Actually, the presentation didn't quite say that. The first such bullet point said "to find bugs in the product before customers do". (The next slide did baldly state "the purpose of testing is to find the bugs".)
The purpose of testing is not to find bugs - finding bugs is a fun thing to do, but it has no economic justification in and of itself. The purpose of a software effort is to create value; the purpose of testing is to support that larger purpose.
My experience with software - in programming, mostly, but also to some extent in maintenance and testing - suggests that testing supports the main purpose of software efforts in two ways. First, testing creates opportunities to remove software defects - "testing finds bugs", in other words. Second, and much more important, testing provides information about the software and the process of creating it.

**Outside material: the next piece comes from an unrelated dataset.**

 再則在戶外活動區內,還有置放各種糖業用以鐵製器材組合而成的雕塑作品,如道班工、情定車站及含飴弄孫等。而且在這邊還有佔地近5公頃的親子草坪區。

That information can be of an economic nature. A more valid "purpose of testing", as the presentation also suggested, could be the following: to determine a break-even point computed by subtracting, from the expected revenue from the software, the cost of releasing the software to the field (in support costs, sales lost to a reputation for poor quality, etc.) or the cost of further testing the software (and removing the defects which cause the other category of costs).

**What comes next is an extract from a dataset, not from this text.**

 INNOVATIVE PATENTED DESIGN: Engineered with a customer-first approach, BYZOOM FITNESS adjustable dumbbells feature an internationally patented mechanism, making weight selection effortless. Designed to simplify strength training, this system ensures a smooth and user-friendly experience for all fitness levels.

One problem with this way of framing what testing does is that the information could come in too late to do any good. The information obtained might be along the lines of "we don't know how much more testing we need to do, but we do know it's likely to take us until later than the competitor's release, which will make our own project a loser because of time-to-market advantage".

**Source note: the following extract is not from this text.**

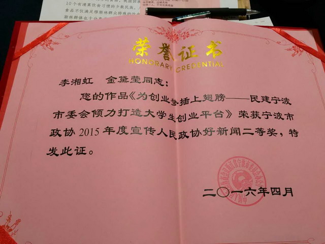近日,宁波市政协为2015年度宣传人民政协好新闻获奖名单位颁发荣誉证书,民建市委会选送的《为创业梦插上翅膀——民建宁波市委会倾力打造大学生创业平台》一文荣获二等奖。此文在团结报、联谊报、宁波日报、人民政协网等多家媒体报道,以民建大学生创业平台成立为契机,真实反应宁波民建响应“大众创业、万众创新”口号的成果,通过多方报道,宣传了宁波民建社会服务工作的成绩,以及党派组织良好社会形象。

Testing can provide information of a much more valuable sort, however: it can tell us how the defects are being put into the software in the first place. Such information about "defect injection" can make more of a difference than efficiency of "defect removal". It doesn't take much thinking to see that the fewer defects you write in the first place, the less costly it will be to fix the defects.
Seen primarily as a way of figuring out how defects come to be put into your software, "testing" also becomes easier to reconcile with what Extreme Programming and other agile approaches advocate. Automated tests detect defects early and thus provide better information about how defects appear. Involving the customer and the QA team early in the effort, and throughout, result in better information about what to call defects, and why they come about (including misunderstandings about the requirements). Software teams that obtain early and continuous information, and construct adequate theories, about how their software might go bad, are more effective at producing good software.
That is why I would much prefer the following definition:
"The purpose of testing is to provide information leading to adequate models of defect injection."